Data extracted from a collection
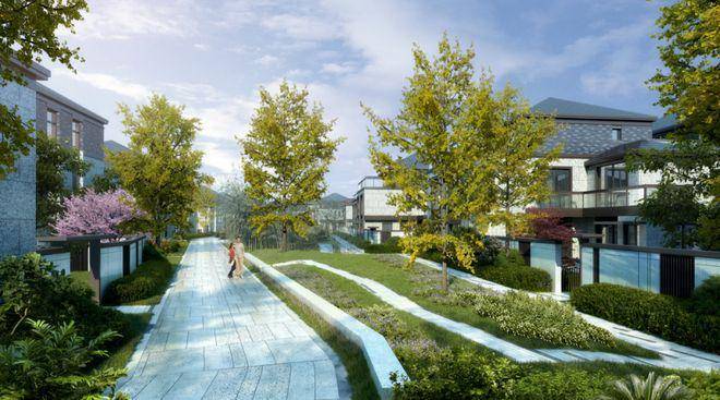 建筑外观上是新中式格调,以黑色面瓦为黛顶,整体线条简洁明快。0.86容积率,带来更低的人居密度、更好的采光,还意味着将更多留白空间给了景观。比如打造一系列公共设施,石凳、石桌、洗手钵、锻炼器械等,满足业主的休闲娱乐需求。
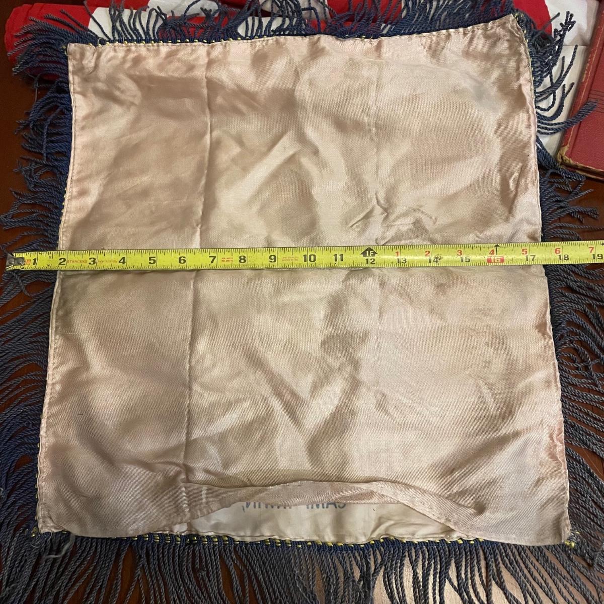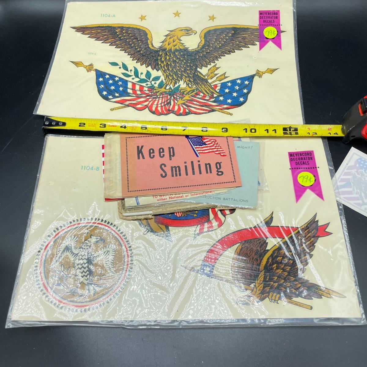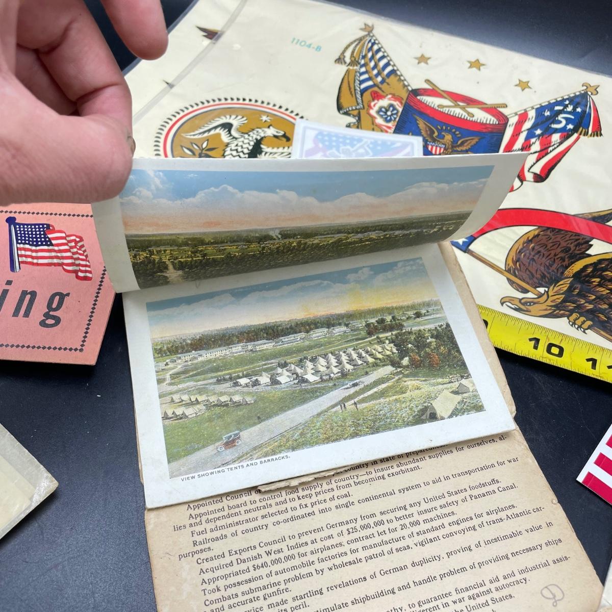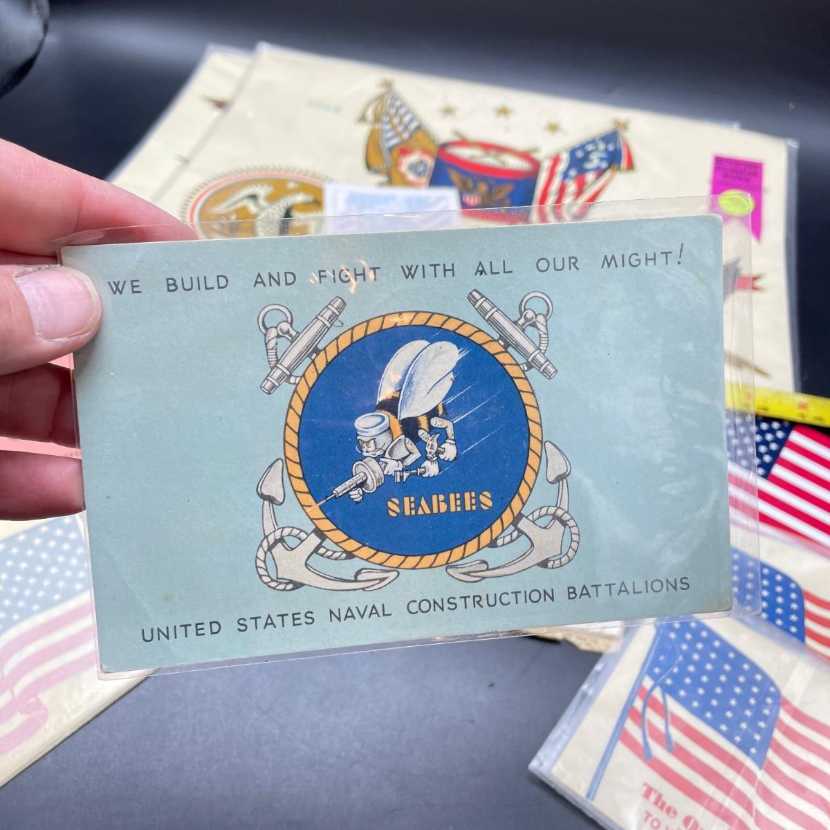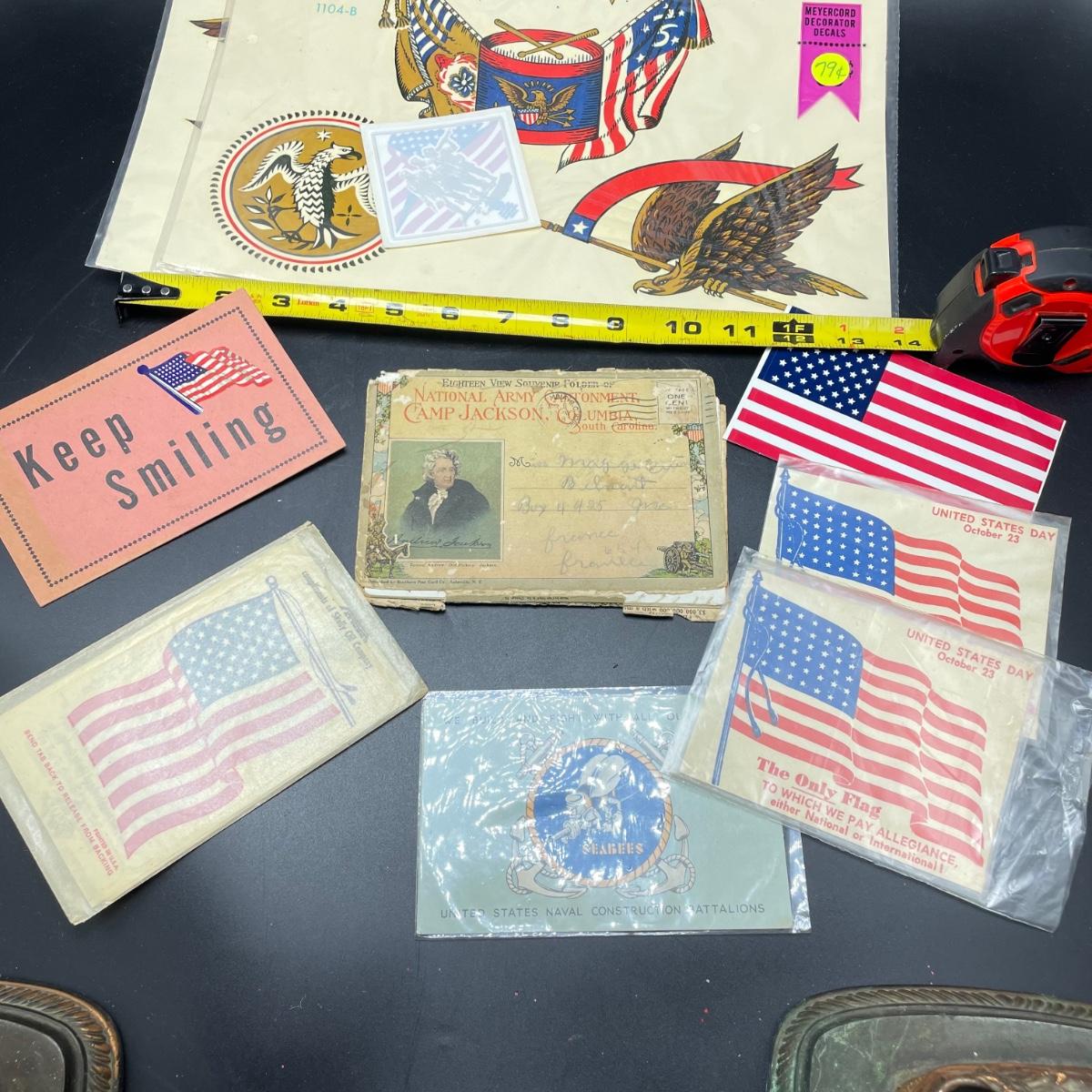 World War II pillowcase with amazing fringe and nice colors with a 1939 Compton’s War Supplement Pictured Encyclopedia. Lot also includes six 3’ x 5’ fifty star flags in amazing shape. American pins and buttons, including one sterling along with vintage decals and flags. See images. Shipping available.
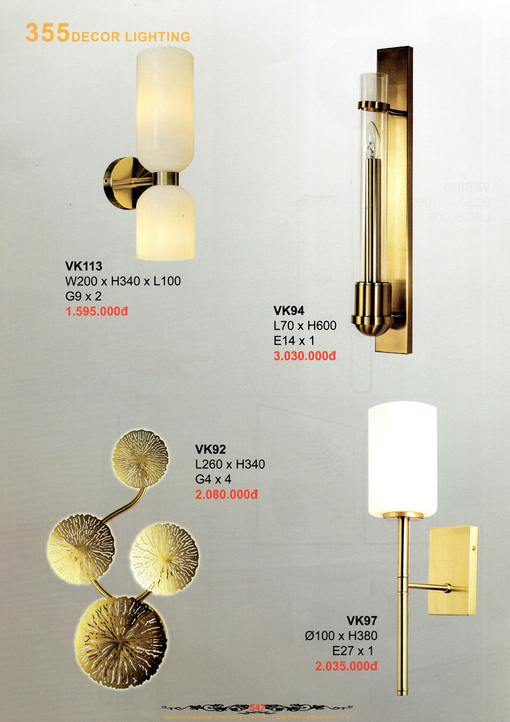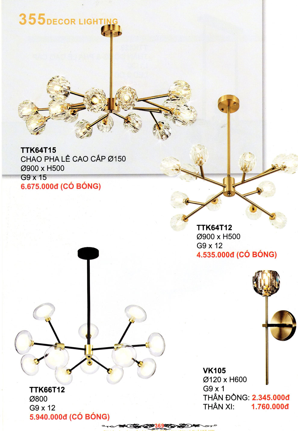 CATALOGUE 355 DECOR LIGHTING – ĐÈN TRANG TRÍ
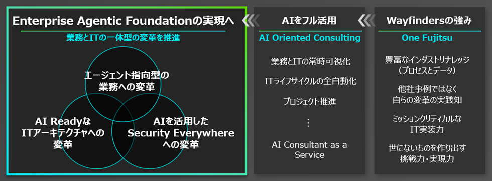 従来の個社・業務ごとのSIでは、複雑化する経営課題を解決することが難しくなっているなか、お客さま自身がデータとAIを駆使し、経営や事業、業務を自律的かつ継続的に進化させることが肝要です。そのためには、データとAIを最大限に活用するためのビジネスの枠組みである、Enterprise Agentic Foundation(エンタープライズ・エージェンティック・ファウンデーション)の構築が不可欠です。当社は、豊富なインダストリーの知見、IT実装力、先端テクノロジー、当社自身を変革する全社DXプロジェクトで得た実践知などの強みをベースに、業務プロセスの可視化やITライフサイクルの全自動化など、AIを徹底活用した支援を行います。具体的には、エージェント指向型の業務への変革や、お客さまのIT環境の刷新、そしてあらゆる業務へのセキュリティの埋め込みを主軸に、お客さまがデータとAIを最大限活用できるようビジネス環境を再整備し、自律指向型のEnterprise Agentic Foundationを実現します。
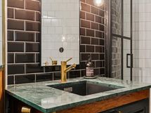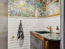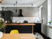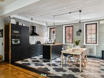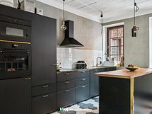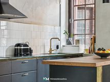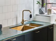 - Jääkaappi/pakastin (integroitu), mikroaaltouuni, astianpesukone (Miele, integroitu), induktioliesi, kiertoilmauuni, messinkihana (Tapwell), messinkiallas (Tapwell) vihreät marmoritasot (saarekkeessa puuviilu).
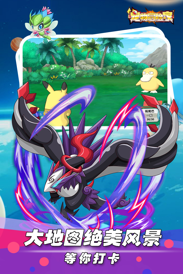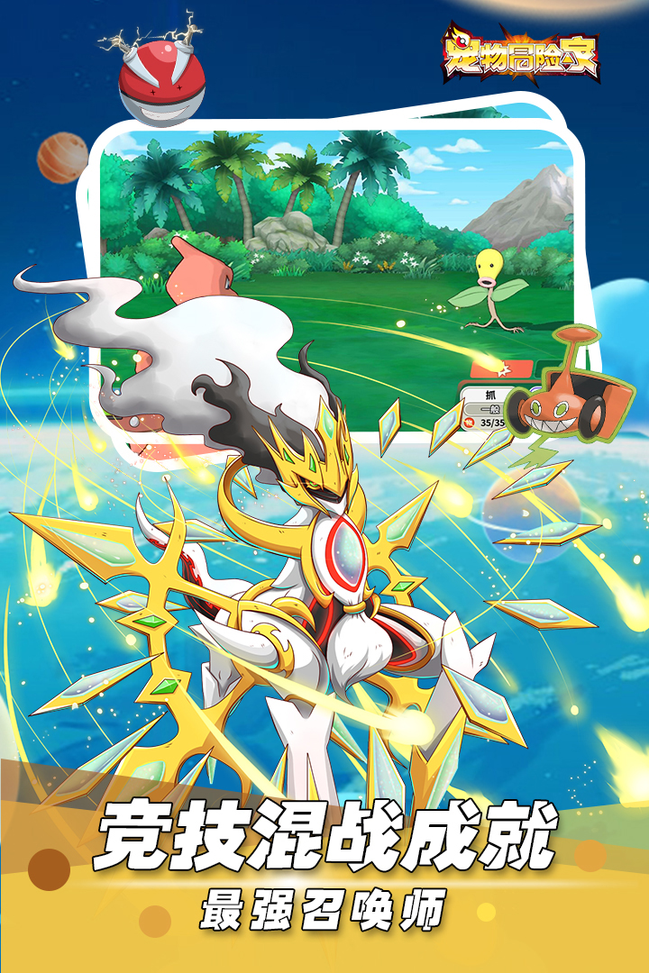 《宠物冒险家》是一款集精灵收集养成、地图探险、策略对战,完美复刻口袋妖怪经典回合玩法的MMORPG手游。3A级品质地图渲染、经典日漫画风精灵表现、电影级特效展示,带你体验别样的精灵世界。游戏内收录口袋妖怪8个世代近900只精灵,600多种技能,属性克制、特性发动、精灵孵蛋等经典玩法等你来体验。野外捕捉、狩猎场狩猎,体验全新的精灵收集方式。竞技场、本服联赛、跨服联赛、公会战、联盟杯赛等PVP玩法应有尽有,点燃你的竞技热情。
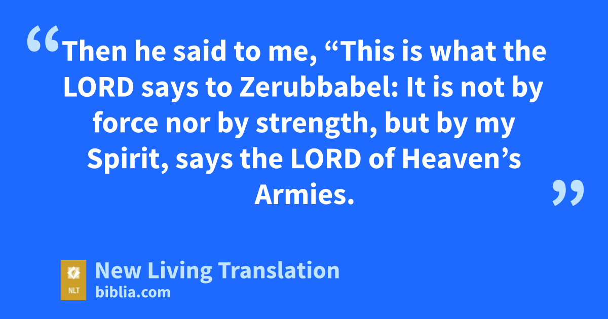 6 Then he said to me, “This is what the Lord says to Zerubbabel: It is not by force nor by strength, but by my Spirit, says the Lord of Heaven’s Armies. 7 Nothing, not even a mighty mountain, will stand in Zerubbabel’s way; it will become a level plain before him! And when Zerubbabel sets the final stone of the Temple in place, the people will shout: ‘May God bless it! May God bless it!’* ”
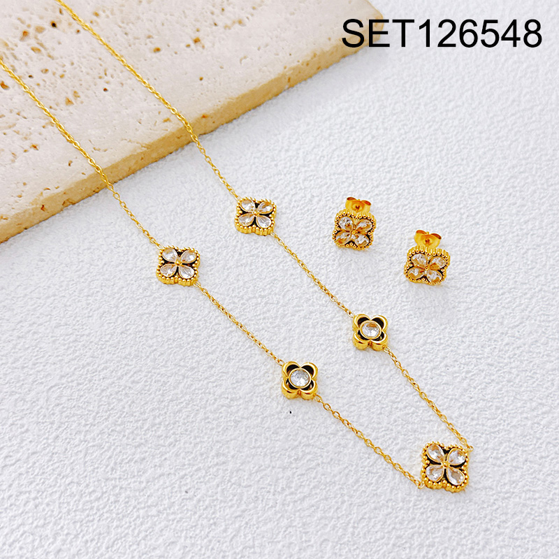 Home > Stainless Steel Sets > Hot Set Jewerly > Level B Stainless Steel New Trendy Women Jewelry Sticky Stone White SYC Golden SET
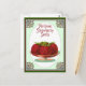 Mi interpretación de un paquete de semillas para semillas de fresa de Heirloom. Bonito bol de fresas con fondo de gingham verde y marco ornamentado.
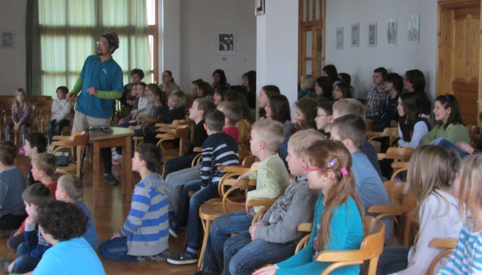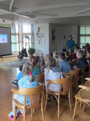 子供って具体的なものがあると喜ぶからね。相棒のファニーバニーはもちろん登場してもらい、さらにキャンプ用品とかいろいろな旅グッズを持ち出して・・・実は、余分なものもいっぱい詰めてフルパッキングでケストヘイに来たのはこのためでもあったのですよ。さらに、つたないながらも、ムビラやアサラトの演奏を聞かせたら、結構くいつきよかったりして。ま、子供たちが一番反応してくれたのは、アフリカでの国立公園をチャリで走った時の映像だったんですけどね。キリンと競争しながら走っている映像にキャーキャー言いながら喜んでくれた。

Task brief
Each record above is to be restated exactly, with its pictures removed from the copy.

Response below
 建筑外观上是新中式格调,以黑色面瓦为黛顶,整体线条简洁明快。0.86容积率,带来更低的人居密度、更好的采光,还意味着将更多留白空间给了景观。比如打造一系列公共设施,石凳、石桌、洗手钵、锻炼器械等,满足业主的休闲娱乐需求。
 World War II pillowcase with amazing fringe and nice colors with a 1939 Compton’s War Supplement Pictured Encyclopedia. Lot also includes six 3’ x 5’ fifty star flags in amazing shape. American pins and buttons, including one sterling along with vintage decals and flags. See images. Shipping available.
 CATALOGUE 355 DECOR LIGHTING – ĐÈN TRANG TRÍ
 従来の個社・業務ごとのSIでは、複雑化する経営課題を解決することが難しくなっているなか、お客さま自身がデータとAIを駆使し、経営や事業、業務を自律的かつ継続的に進化させることが肝要です。そのためには、データとAIを最大限に活用するためのビジネスの枠組みである、Enterprise Agentic Foundation(エンタープライズ・エージェンティック・ファウンデーション)の構築が不可欠です。当社は、豊富なインダストリーの知見、IT実装力、先端テクノロジー、当社自身を変革する全社DXプロジェクトで得た実践知などの強みをベースに、業務プロセスの可視化やITライフサイクルの全自動化など、AIを徹底活用した支援を行います。具体的には、エージェント指向型の業務への変革や、お客さまのIT環境の刷新、そしてあらゆる業務へのセキュリティの埋め込みを主軸に、お客さまがデータとAIを最大限活用できるようビジネス環境を再整備し、自律指向型のEnterprise Agentic Foundationを実現します。
 - Jääkaappi/pakastin (integroitu), mikroaaltouuni, astianpesukone (Miele, integroitu), induktioliesi, kiertoilmauuni, messinkihana (Tapwell), messinkiallas (Tapwell) vihreät marmoritasot (saarekkeessa puuviilu).
 《宠物冒险家》是一款集精灵收集养成、地图探险、策略对战,完美复刻口袋妖怪经典回合玩法的MMORPG手游。3A级品质地图渲染、经典日漫画风精灵表现、电影级特效展示,带你体验别样的精灵世界。游戏内收录口袋妖怪8个世代近900只精灵,600多种技能,属性克制、特性发动、精灵孵蛋等经典玩法等你来体验。野外捕捉、狩猎场狩猎,体验全新的精灵收集方式。竞技场、本服联赛、跨服联赛、公会战、联盟杯赛等PVP玩法应有尽有,点燃你的竞技热情。
 6 Then he said to me, “This is what the Lord says to Zerubbabel: It is not by force nor by strength, but by my Spirit, says the Lord of Heaven’s Armies. 7 Nothing, not even a mighty mountain, will stand in Zerubbabel’s way; it will become a level plain before him! And when Zerubbabel sets the final stone of the Temple in place, the people will shout: ‘May God bless it! May God bless it!’* ”
 Home > Stainless Steel Sets > Hot Set Jewerly > Level B Stainless Steel New Trendy Women Jewelry Sticky Stone White SYC Golden SET
 Mi interpretación de un paquete de semillas para semillas de fresa de Heirloom. Bonito bol de fresas con fondo de gingham verde y marco ornamentado.
 子供って具体的なものがあると喜ぶからね。相棒のファニーバニーはもちろん登場してもらい、さらにキャンプ用品とかいろいろな旅グッズを持ち出して・・・実は、余分なものもいっぱい詰めてフルパッキングでケストヘイに来たのはこのためでもあったのですよ。さらに、つたないながらも、ムビラやアサラトの演奏を聞かせたら、結構くいつきよかったりして。ま、子供たちが一番反応してくれたのは、アフリカでの国立公園をチャリで走った時の映像だったんですけどね。キリンと競争しながら走っている映像にキャーキャー言いながら喜んでくれた。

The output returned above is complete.